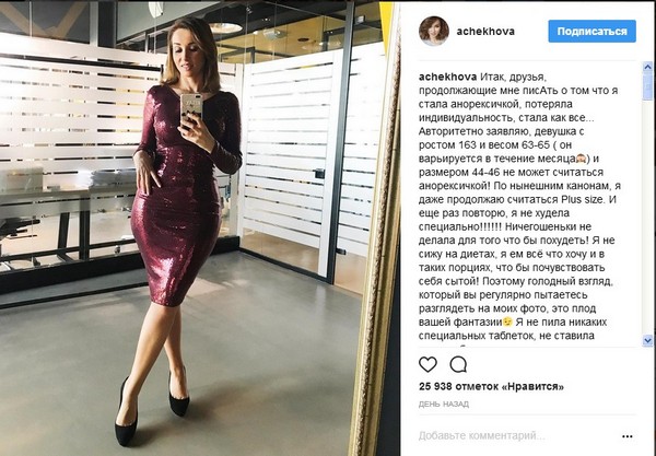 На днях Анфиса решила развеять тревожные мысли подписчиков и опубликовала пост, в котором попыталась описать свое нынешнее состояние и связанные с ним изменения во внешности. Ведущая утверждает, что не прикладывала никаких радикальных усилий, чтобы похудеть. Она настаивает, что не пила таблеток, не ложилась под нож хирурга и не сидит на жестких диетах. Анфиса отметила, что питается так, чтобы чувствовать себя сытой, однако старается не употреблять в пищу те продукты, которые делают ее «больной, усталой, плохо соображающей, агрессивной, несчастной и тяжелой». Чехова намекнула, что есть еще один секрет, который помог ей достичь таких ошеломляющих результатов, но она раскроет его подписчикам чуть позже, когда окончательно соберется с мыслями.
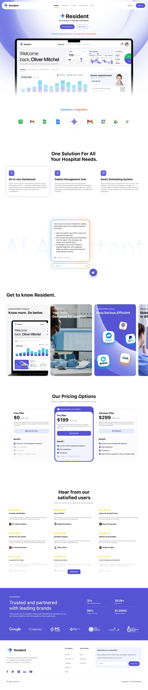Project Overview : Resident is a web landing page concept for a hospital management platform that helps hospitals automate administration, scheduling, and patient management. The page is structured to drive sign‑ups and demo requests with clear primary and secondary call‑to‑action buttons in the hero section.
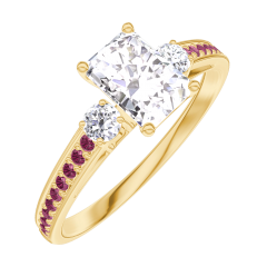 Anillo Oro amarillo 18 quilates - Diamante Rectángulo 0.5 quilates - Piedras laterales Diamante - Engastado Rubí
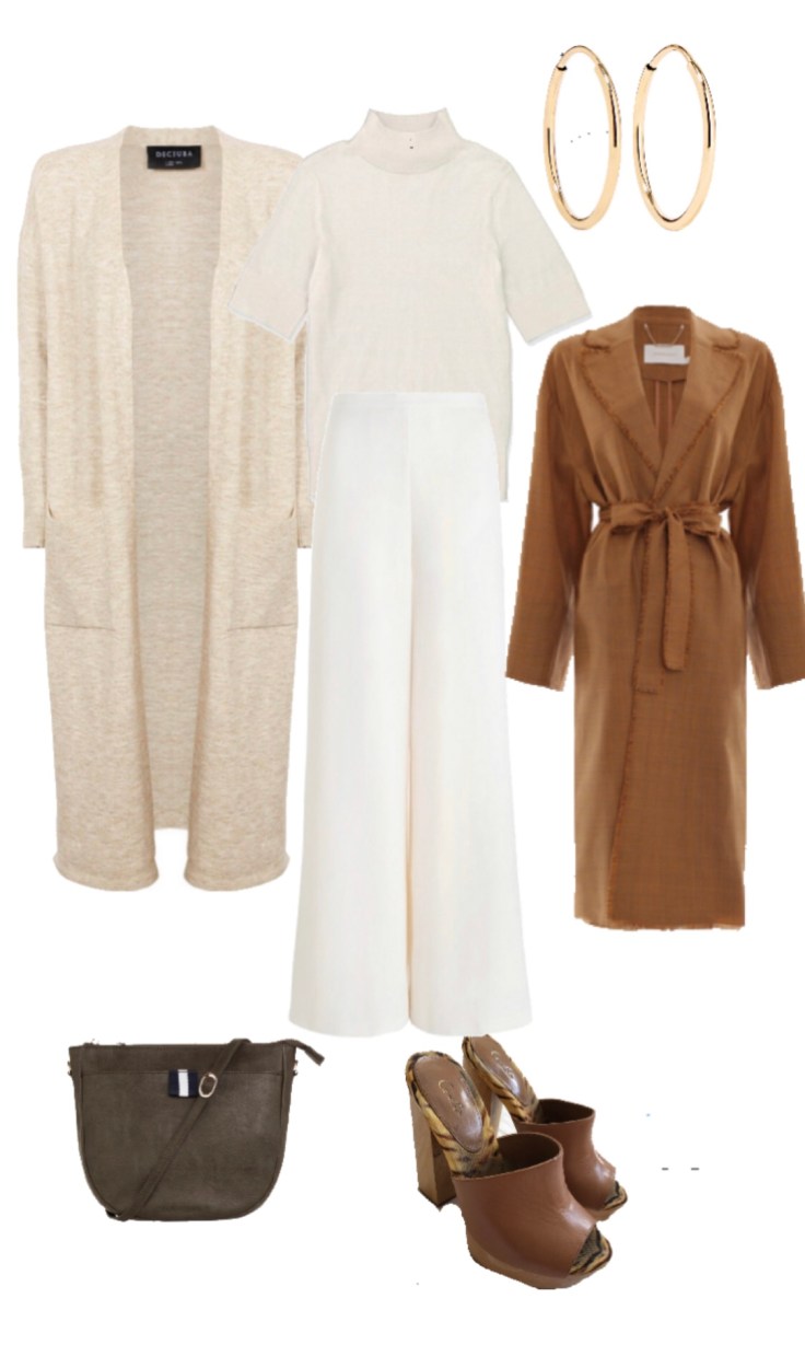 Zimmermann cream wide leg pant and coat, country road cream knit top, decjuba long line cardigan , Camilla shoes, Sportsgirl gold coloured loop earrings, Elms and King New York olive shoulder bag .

* * *

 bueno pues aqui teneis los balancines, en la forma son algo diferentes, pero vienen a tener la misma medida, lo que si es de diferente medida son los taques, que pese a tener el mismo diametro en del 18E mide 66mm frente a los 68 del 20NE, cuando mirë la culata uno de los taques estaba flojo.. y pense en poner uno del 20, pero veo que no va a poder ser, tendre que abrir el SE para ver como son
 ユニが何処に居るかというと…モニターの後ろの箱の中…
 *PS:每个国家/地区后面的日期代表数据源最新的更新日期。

--

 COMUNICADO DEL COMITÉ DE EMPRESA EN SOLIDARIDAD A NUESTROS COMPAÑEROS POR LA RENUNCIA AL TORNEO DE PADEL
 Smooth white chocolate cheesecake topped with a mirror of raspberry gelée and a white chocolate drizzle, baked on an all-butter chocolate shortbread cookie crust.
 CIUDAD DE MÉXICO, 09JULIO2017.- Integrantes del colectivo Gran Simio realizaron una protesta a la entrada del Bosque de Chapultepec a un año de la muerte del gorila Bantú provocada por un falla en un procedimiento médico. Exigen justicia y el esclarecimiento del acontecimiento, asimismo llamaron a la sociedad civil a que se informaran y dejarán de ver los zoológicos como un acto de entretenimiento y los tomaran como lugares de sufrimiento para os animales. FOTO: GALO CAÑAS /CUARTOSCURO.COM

◆ **What to do**
Each line between the one holding "Anillo Oro amarillo" and the one holding "Zimmermann cream wide", inclusive, should be copied exactly as it appears above, and pictures should be omitted.

◆ **The completed task**
 Anillo Oro amarillo 18 quilates - Diamante Rectángulo 0.5 quilates - Piedras laterales Diamante - Engastado Rubí
 Zimmermann cream wide leg pant and coat, country road cream knit top, decjuba long line cardigan , Camilla shoes, Sportsgirl gold coloured loop earrings, Elms and King New York olive shoulder bag .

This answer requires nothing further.